- **What you are asked to do**: Of the records that follow, copy only the lines from the line containing "中国极地研究中心极地考察站管" to the line containing "JEGYZETTÖMB ÖNTAPADÓS, INFO, 40", both included, exactly as written.

---------- Source data

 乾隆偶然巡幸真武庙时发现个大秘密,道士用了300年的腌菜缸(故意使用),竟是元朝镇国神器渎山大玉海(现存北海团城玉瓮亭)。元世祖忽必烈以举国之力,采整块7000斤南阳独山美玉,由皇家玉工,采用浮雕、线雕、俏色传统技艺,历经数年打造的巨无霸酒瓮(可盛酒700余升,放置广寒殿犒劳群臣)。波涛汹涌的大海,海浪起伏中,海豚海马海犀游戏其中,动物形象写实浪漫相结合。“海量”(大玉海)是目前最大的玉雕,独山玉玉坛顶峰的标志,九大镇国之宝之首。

--------------------
---------- Source data

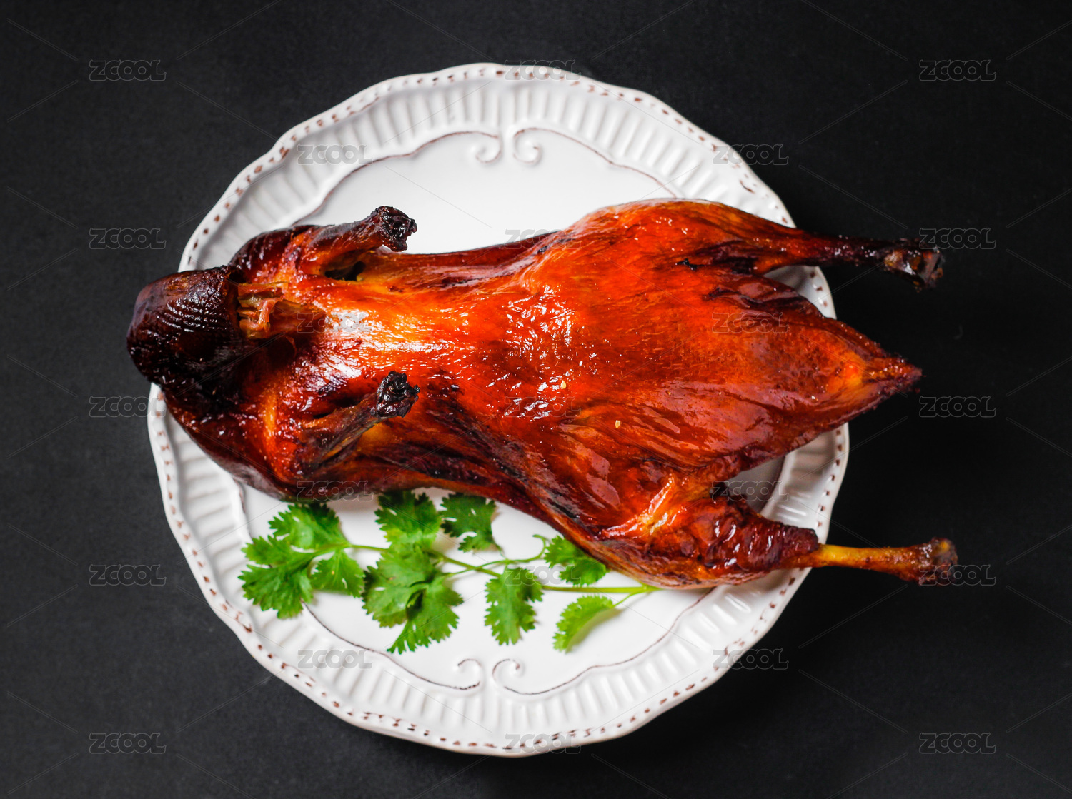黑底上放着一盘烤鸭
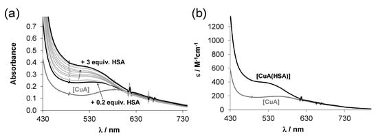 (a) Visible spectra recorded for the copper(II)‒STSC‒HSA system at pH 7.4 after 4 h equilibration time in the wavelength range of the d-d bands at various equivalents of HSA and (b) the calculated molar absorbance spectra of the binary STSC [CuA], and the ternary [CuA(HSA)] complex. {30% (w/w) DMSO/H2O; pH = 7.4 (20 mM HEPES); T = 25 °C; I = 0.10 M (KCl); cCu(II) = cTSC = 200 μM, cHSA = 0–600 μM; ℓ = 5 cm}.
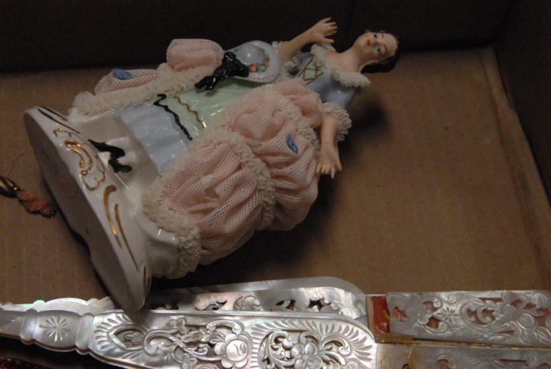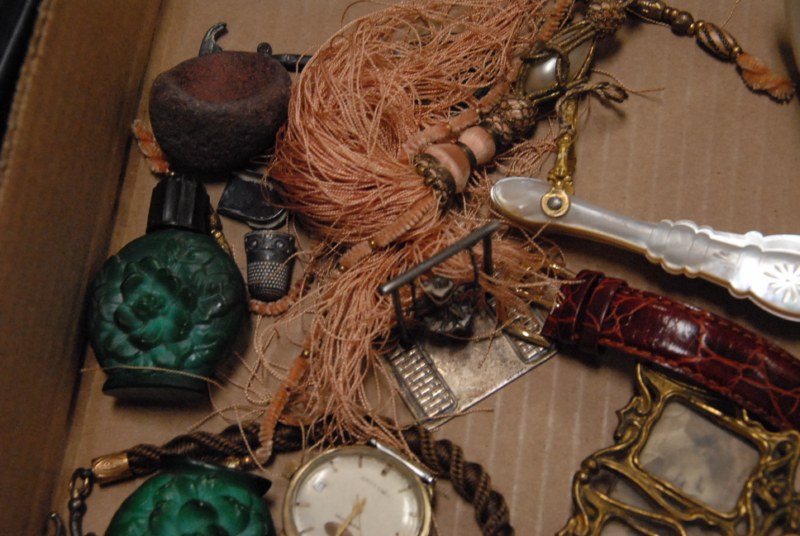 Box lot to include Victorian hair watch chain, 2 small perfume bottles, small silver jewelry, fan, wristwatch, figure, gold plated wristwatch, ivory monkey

--------------------
---------- Source data

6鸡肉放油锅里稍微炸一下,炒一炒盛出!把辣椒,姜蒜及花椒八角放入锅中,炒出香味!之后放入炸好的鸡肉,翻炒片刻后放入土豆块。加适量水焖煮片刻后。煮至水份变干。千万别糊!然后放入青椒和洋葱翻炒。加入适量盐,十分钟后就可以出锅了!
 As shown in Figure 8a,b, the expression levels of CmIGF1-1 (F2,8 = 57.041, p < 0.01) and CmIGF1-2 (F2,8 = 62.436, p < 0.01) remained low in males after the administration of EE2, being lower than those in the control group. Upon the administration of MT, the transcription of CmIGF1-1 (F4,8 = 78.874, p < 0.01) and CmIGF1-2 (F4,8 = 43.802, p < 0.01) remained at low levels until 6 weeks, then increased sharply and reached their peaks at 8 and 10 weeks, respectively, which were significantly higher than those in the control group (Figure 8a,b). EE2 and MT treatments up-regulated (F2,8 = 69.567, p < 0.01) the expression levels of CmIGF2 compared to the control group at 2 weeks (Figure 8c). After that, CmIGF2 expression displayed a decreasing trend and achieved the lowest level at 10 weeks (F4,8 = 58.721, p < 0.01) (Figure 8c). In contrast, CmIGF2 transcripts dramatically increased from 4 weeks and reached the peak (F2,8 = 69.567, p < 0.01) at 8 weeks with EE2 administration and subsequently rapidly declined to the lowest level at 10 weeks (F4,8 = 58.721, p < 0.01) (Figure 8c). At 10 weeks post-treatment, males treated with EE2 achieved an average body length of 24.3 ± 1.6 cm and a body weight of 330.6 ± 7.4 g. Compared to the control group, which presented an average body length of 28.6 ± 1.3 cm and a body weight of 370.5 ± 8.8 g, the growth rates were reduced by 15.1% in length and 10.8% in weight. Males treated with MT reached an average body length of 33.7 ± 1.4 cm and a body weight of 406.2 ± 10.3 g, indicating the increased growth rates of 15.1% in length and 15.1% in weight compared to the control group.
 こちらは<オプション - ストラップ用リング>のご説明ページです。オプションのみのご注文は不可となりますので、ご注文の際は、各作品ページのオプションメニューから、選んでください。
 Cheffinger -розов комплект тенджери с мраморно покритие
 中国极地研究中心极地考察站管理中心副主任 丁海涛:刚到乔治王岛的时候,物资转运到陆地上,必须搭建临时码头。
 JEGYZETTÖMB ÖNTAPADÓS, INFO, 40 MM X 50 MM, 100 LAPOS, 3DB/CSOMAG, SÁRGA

--------------------

- **Solution for this problem**:
 中国极地研究中心极地考察站管理中心副主任 丁海涛:刚到乔治王岛的时候,物资转运到陆地上,必须搭建临时码头。
 JEGYZETTÖMB ÖNTAPADÓS, INFO, 40 MM X 50 MM, 100 LAPOS, 3DB/CSOMAG, SÁRGA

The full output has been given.